The Laurentian Divide or Northern Divide is a continental divide dividing the direction of water flow in eastern and southern Canada and the northern Midwestern United States. Water north of the height of land flows to the Arctic Ocean by rivers to Hudson Bay or directly to the Arctic. Water south of the divide makes its way to the Atlantic Ocean by a variety of streams, including the Great Lakes and Saint Lawrence River to the east, and the Mississippi River to the Gulf of Mexico to the south. Some sources consider Hudson Bay to be part of the Atlantic Ocean, not the Arctic, which would make the Laurentian Divide a lesser divide between the seas of one ocean.[1][2]
On the north and east, the divide's terminus is at Cape Chidley's Killiniq Island, on the Labrador Sea where that sea, part of the Atlantic Ocean, meets Hudson Strait, which connects to Hudson Bay in the Arctic Ocean. It cuts through eastern Canada, dips into the United States, and re-enters Canada before terminating in the Rocky Mountains in the western United States.
On Killiniq Island, the divide forms the boundary between Labrador and Nunavut, then a good portion of the Labrador-Quebec border. It turns west to cross central Quebec and Ontario; it marks the original northern boundary that both provinces held at the time of Confederation in 1867, although both have since expanded significantly northward. Waters east and south of the divide flow into the Labrador Sea, the Gulf of St. Lawrence, or the Saint Lawrence River and the Great Lakes which are drained by that river.
The divide crosses into the United States in northeast Minnesota at the Height of Land Portage. Near Hibbing it forms a three-way divide at the Hill of Three Waters ()[3][4][5] where the watersheds of the St. Lawrence and the Mississippi River systems meet with the Hudson Bay basin. It crosses to the extreme northeast corner of South Dakota and passes through North Dakota[6] to that state's northwestern corner. The U.S. sections of the divide separate the watersheds of the Rainy River and Red River of the North from the basins of the Mississippi and Missouri Rivers. The divide formed the northern boundary of the United States' Louisiana Purchase.

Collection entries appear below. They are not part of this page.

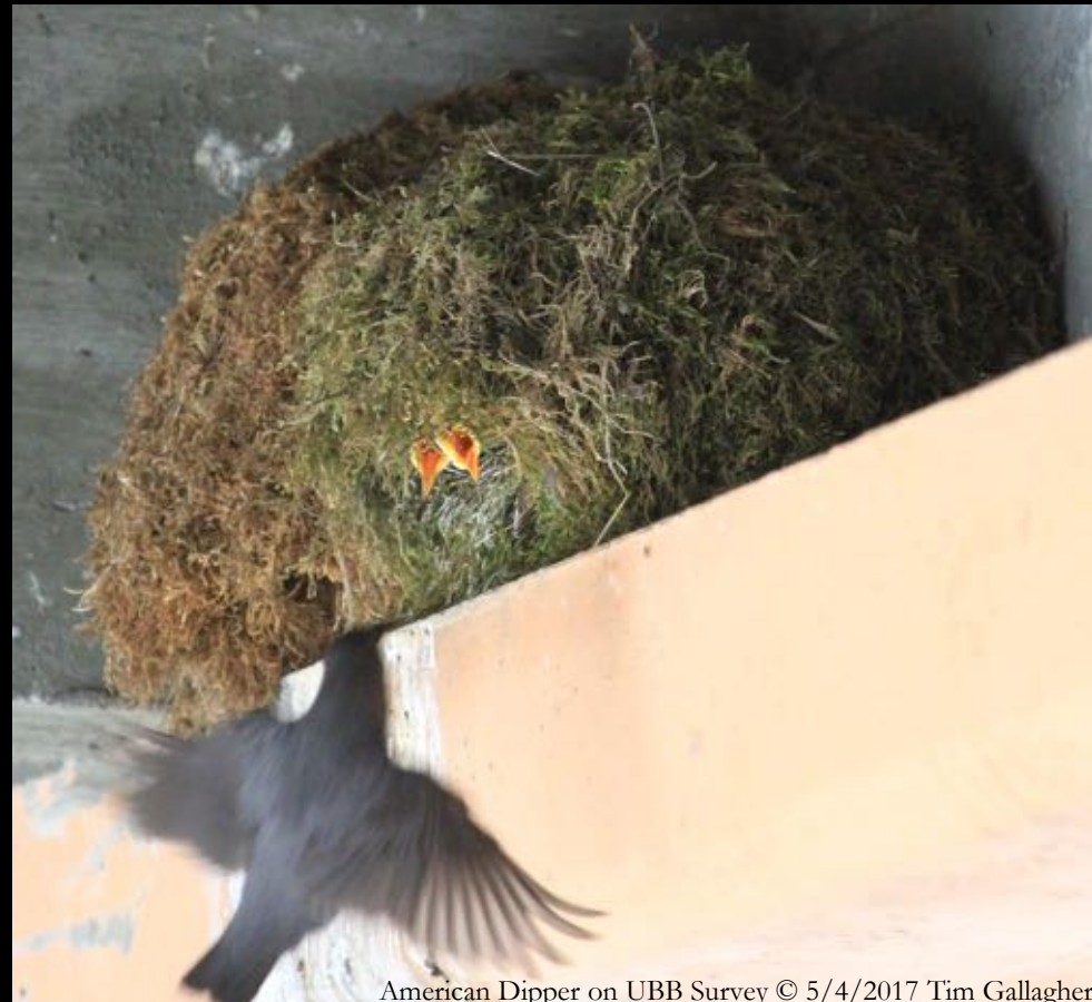
American Dipper on UBB Survey © 5/4/2017 Tim Gallagher

The Clark's Nutcracker needs White-bark Pine as well as other conifers. We are keeping an eye on the CLNU, which is most frequently seen between August and October.
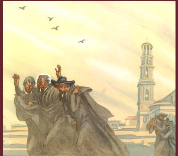
Ignatius & Companions Set Off to Save Souls Carlos Saenz de Tejada (20 th Century)

September 6 th - SFX School Collection September 13 th - Building Fund
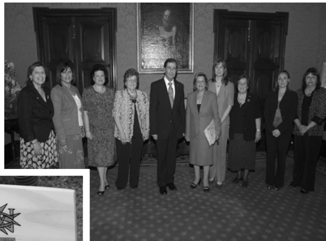
NCW Executive Committee with H.E. the President of Malta Dr. George Abela
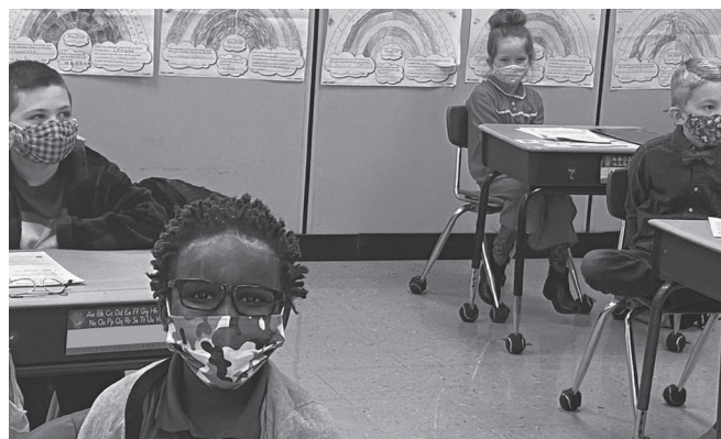
Chango Elementary students celebrate the 100th day of school.
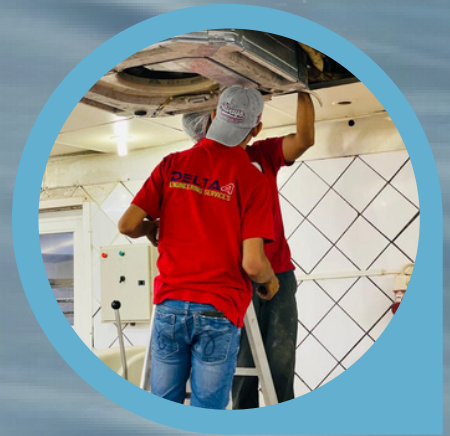
Service & Repair

The divide crosses the southern parts of Saskatchewan and Alberta before dropping back into the United States where it meets the Great Divide at Triple Divide Peak in Glacier National Park in Montana. The Laurentian Divide's western terminus is here, but the watershed boundaries continue. The Arctic watershed's limit follows the Great Divide running north, forming part of the Alberta-B.C. border, entering the interiors of B.C. and Yukon, forming two segments of the Yukon-Northwest Territories border, eventually crossing into northern Alaska, through to that state's Lisburne Peninsula and the sea.